Minor league affiliations
- Class: Double-A (2008–present)
- League: Texas League (2008–present)
- Division: North Division

Major league affiliations
- Team: Kansas City Royals (2008–present)

Minor league titles
- League titles (2): 2010; 2021;
- Division titles (4): 2009; 2010; 2015; 2016;
- First-half titles (3): 2010; 2015; 2017;
- Second-half titles (5): 2008; 2009; 2010; 2011; 2016;

Team data
- Name: Northwest Arkansas Naturals (2008–present)
- Colors: Red, yellow, dark blue, light blue, and white
- Ballpark: Arvest Ballpark (2008–present)
- Owner/ Operator: Rich Products Corporation
- General manager: Justin Cole
- Manager: Brooks Conrad
- Website: milb.com/northwest-arkansas

= Northwest Arkansas Naturals =

The Northwest Arkansas Naturals are a Minor League Baseball team based in Springdale, Arkansas. The team is a member of the Texas League, and serves as the Double-A affiliate of the Kansas City Royals. The Naturals play at Arvest Ballpark, which opened in 2008 and is located at the intersection of Gene George Boulevard and Watkins Avenue. The team relocated from Wichita, Kansas, in 2008, where it was known as the Wichita Wranglers.

==Origin==
The Wichita Wranglers had struggled with low attendance numbers and an aging Lawrence–Dumont Stadium throughout Bob Rich Jr.'s 18-year ownership of the team. In 2006, he sought a move to Springdale, contingent on a citizen vote to approve financing for a new stadium.

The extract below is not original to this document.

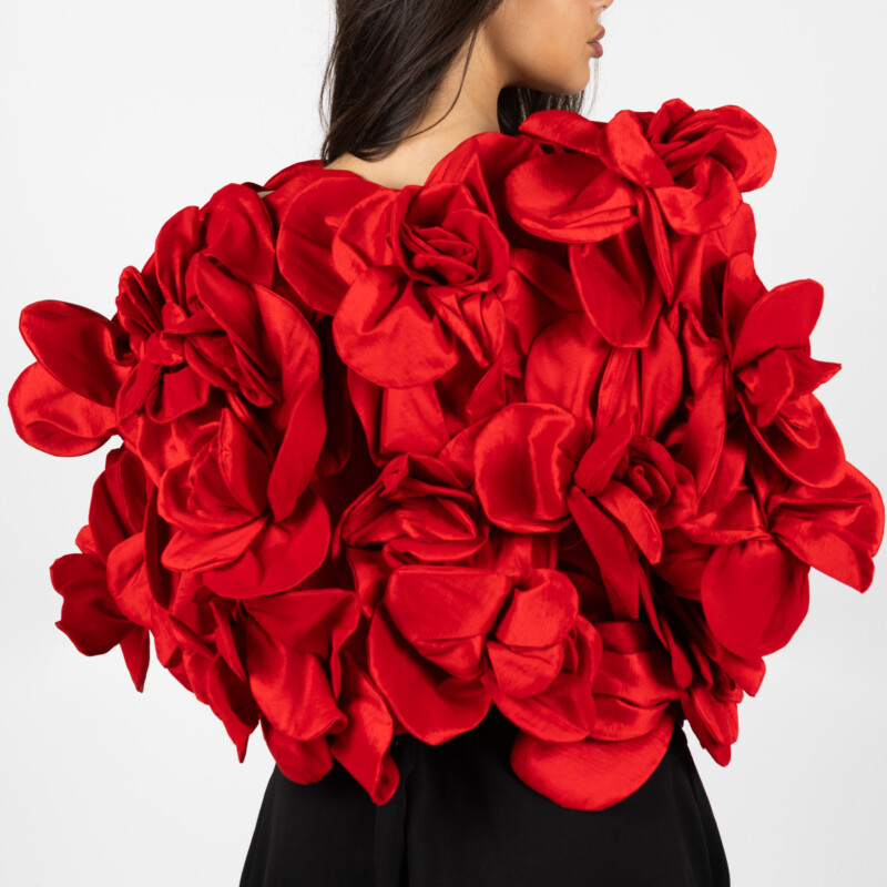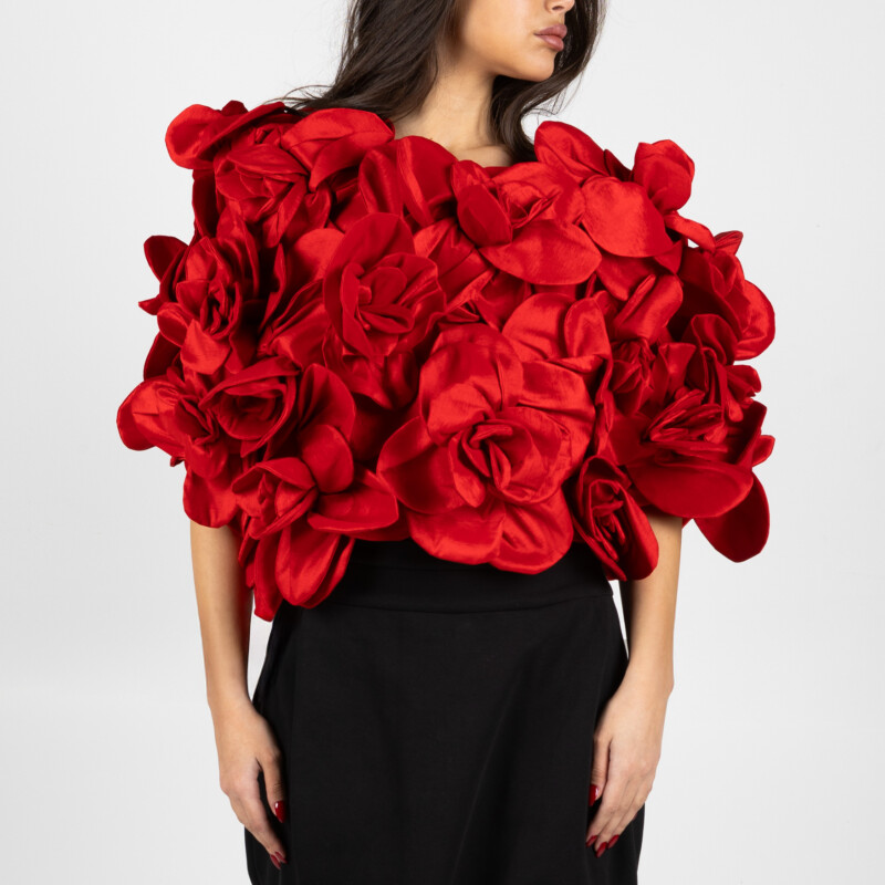 Elegant taffeta blouse with handcrafted roses, designed with love and attention to detail. A perfect blend of sophistication and artistry. Available in black, beige, and white, in standard sizes or made to measure.

The movement to bring a professional baseball team to Springdale had counted on the support of Ronnie Floyd, influential pastor of local megachurch First Baptist Church of Springdale. However, Floyd pulled his support in June 2006 after it was discovered the team would serve alcohol at games, making professional baseball a contentious and evenly split issue in northwest Arkansas. The July vote on a measure to extend a one-cent sales tax to help raise $50 million for the stadium passed by only fifteen votes.

==Team name==
The team's nickname plays off the state's nickname as the "Natural State," as well as the Robert Redford film, The Natural. The Rich Family owes much of its baseball success to the film. In 1983, Bob Rich Jr. bought the Double-A Buffalo Bisons, who had suffered low attendance the previous season, for $100,000. That year, Hollywood producers approached Rich about filming scenes for The Natural at Buffalo's War Memorial Stadium. Following the release of the film, local interest in the team rose and attendance at the Bisons' games nearly tripled. Rich was then able to finance the Bisons' move to the Triple-A American Association. In something of a coincidence, the Triple-A Bisons were formerly the Wichita Aeros, meaning Rich has purchased two teams that had played previously in Wichita, Kansas.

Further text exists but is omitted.